La defensa de la vida y la familia es el fin supremo de VIDA VIVA.  No tendríamos necesidad de mantenernos en las redes y todos los medios posibles de no existir un serio peligro contra ambos objetivos de la Ideología de Genero.  Y es que uno de los recursos que tiene esta ideología para destruir la familia es procurar dar información sexual, puramente sexual, pero sin educación de la sexualidad, de manera especial a los jóvenes.

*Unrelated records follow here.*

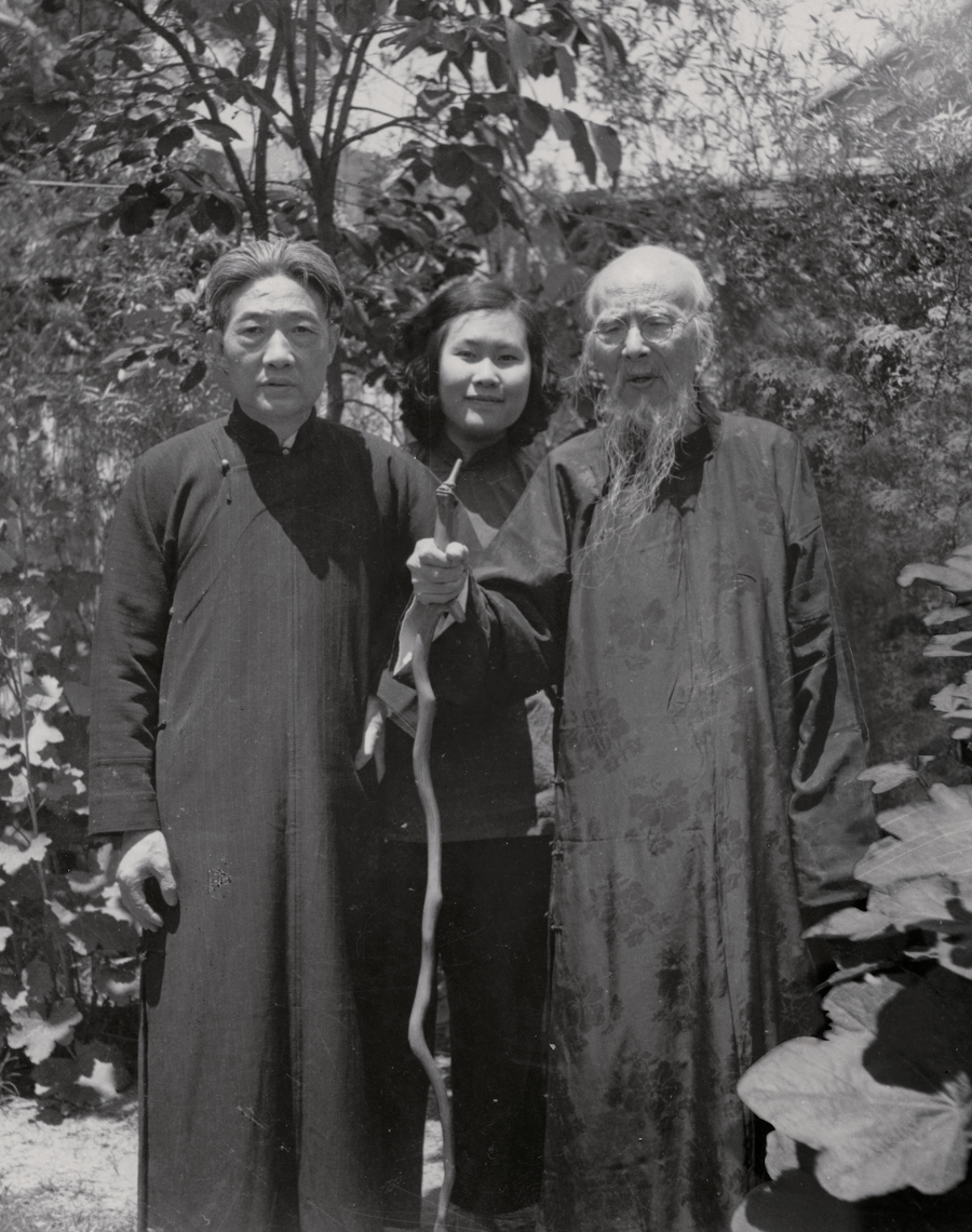 A photo taken in 1948 shows Xu Beihong (left), his wife Liao Jingwen and Qi Baishi. [Photo provided to China Daily]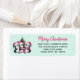 These stylish mint green and pink Merry Christmas return address labels feature three cute penguins decorating a Christmas tree. The template makes it easy to type your address.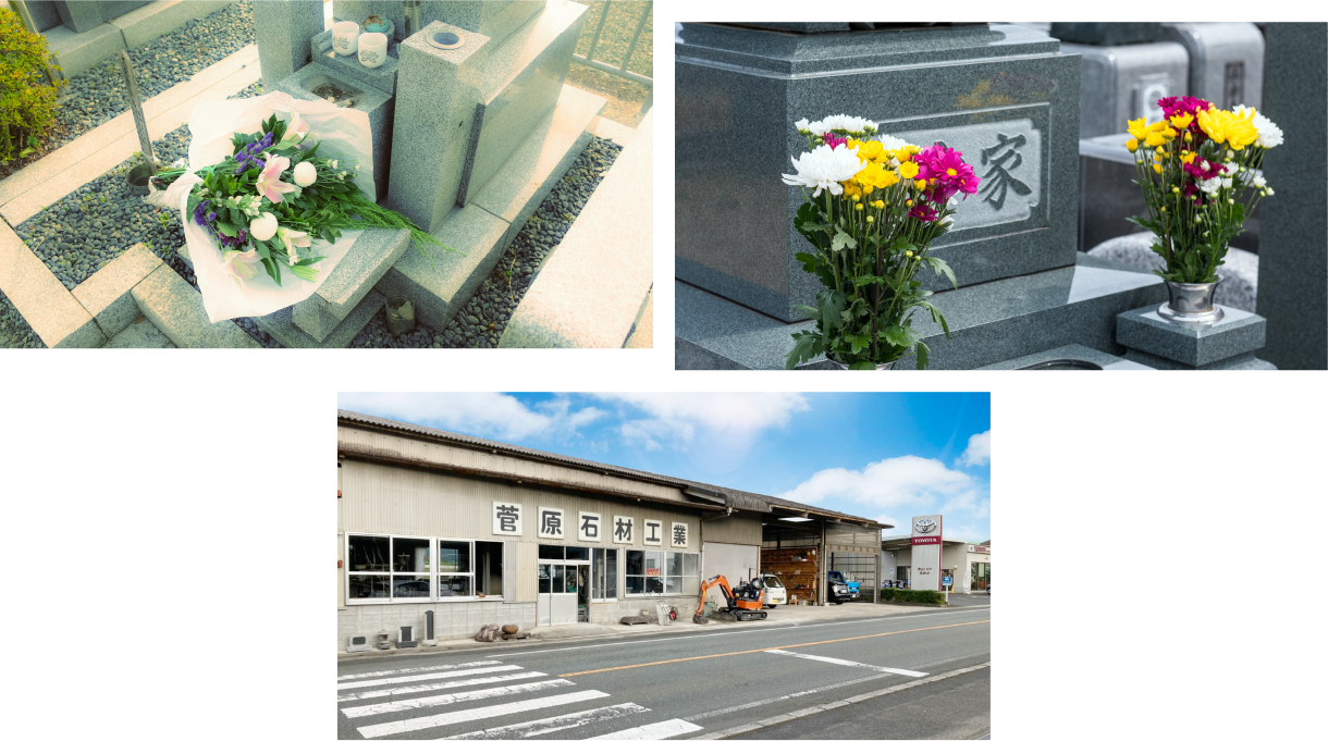 当店はお墓・石に携わって65年になる菅原一行が、真庭市とその周辺地域のお墓を作りお守りしてまいりました。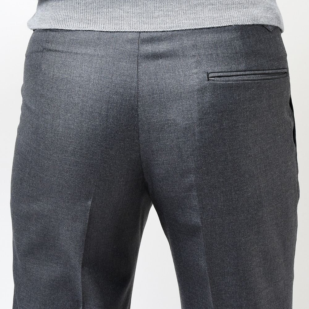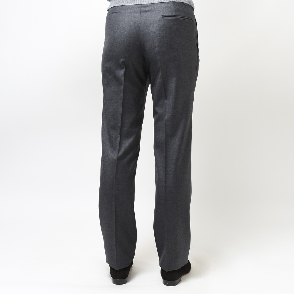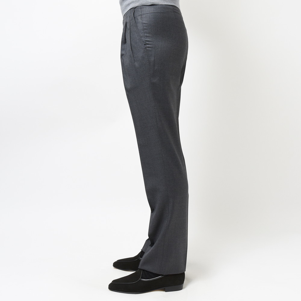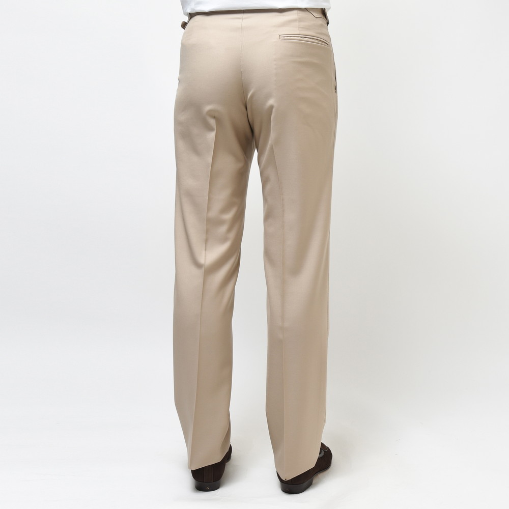 ドレスパンツとして最もベーシックな生地の一つであるVITALE BARBERIS CANONICO社の上質なウールサージ生地を用いており、サルトリアルなテクニックを駆使することで非常にエレガントな仕上がりになっています。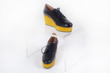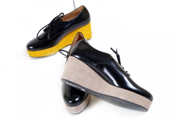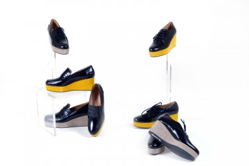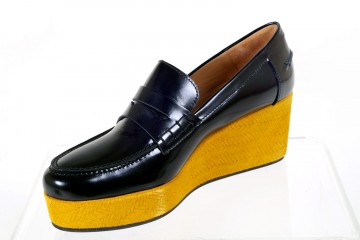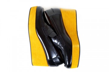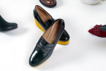 Linea comoda a plateau intero in colore a contrasto e morbida pelle nera Modello mocassino e modello stringato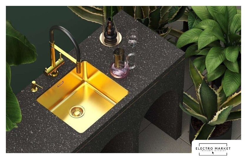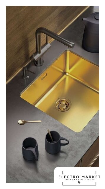 врезная на столешницу/врезная под столешницу/врезная вровень со столешницей, нержавеющая сталь, фактура: с текстурой, размеры: 38x44 см, глубина чаши: 20 см, в шкаф шириной от 40 см, клапан-автомат

Buscar el placer en la sexualidad despojándolo de afectividad, de amor, es decir de ser un medio para hacernos uno solo, nos mantiene en soledad.  Dos físicamente juntos pero ajenos el uno del otro es presagio de pronta separación mas doloroso aun si existen hijos de por medio.  Así, en busca de esta felicidad mal entendida los errores se repiten y a su vez se repiten los fracasos.  Final: infelicidad y frustración.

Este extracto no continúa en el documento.